Ушла Кикимора, будто и не было. Больше так и не уснул Митька, а под утро густой туман окутал лес, слышит парень шаги – шлёп-шлёп, будто какой гусак шагает по мокрой траве. Глядит, то сам Водяной-Речной Хозяин вышагивает, да окладистой бородой трясёт, и прямо идёт к парню в гости и в лоб спрашивает:
– Ну, что крестьянский сын, желаешь на волю или нет?
– Кто ж на моём месте откажется, жить-то намного лучше, чем безвестно пропасть.
– А есть у тебя невеста-то?
– Невеста не невеста, а имеется красная девица, ждет меня домой, мы с ней надеялись, что и батюшка ее, позволит сыграть нам весёлую свадьбу, да видно не судьба.

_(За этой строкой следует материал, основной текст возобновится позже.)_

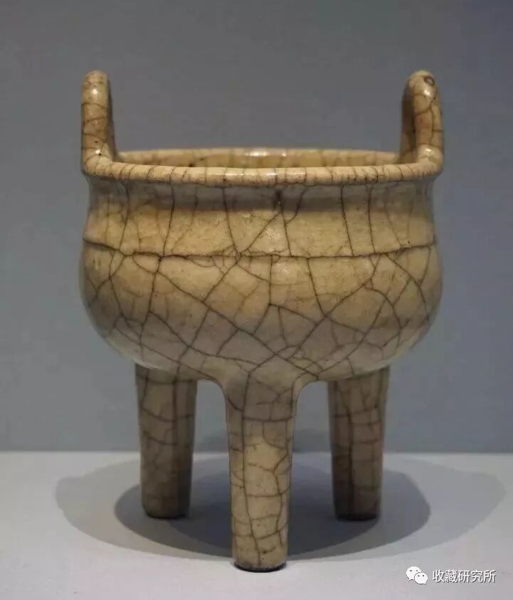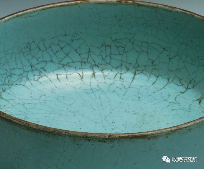 43、龟裂纹:如龟壳的裂片,大片。古瓷龟裂纹片缝大,色黑。以汝瓷为最显著。缝色是窑后形成的。千年前形成的必有管状片缝迹象。目前无人能仿出,也无人知晓这一特征。无著作论及。近百年面世后出的,多无色,与现代仿品差别不大。![]()

– Хочешь выпущу тебя из этой западни?
– Так выпускай, батюшка водяной.
– А ты мне зарок дай, что коль родится у тебя первенец, ты его мне на вечно отдашь. Подумаешь какой пустяк, себе-то еще нарожаете!
– Уходи, Водяной, не быть никогда, по-твоему. Лучше пропаду в этом дереве!
– Смотри, как бы жалеть не пришлось. А коль надумаешь, то кликнешь меня, мне от тебя весточку непременно передадут.
Расхохотался Водяной, аж мурашки по коже побежали, да ушёл, будто и не было, только тина да ряска на решётке осталась.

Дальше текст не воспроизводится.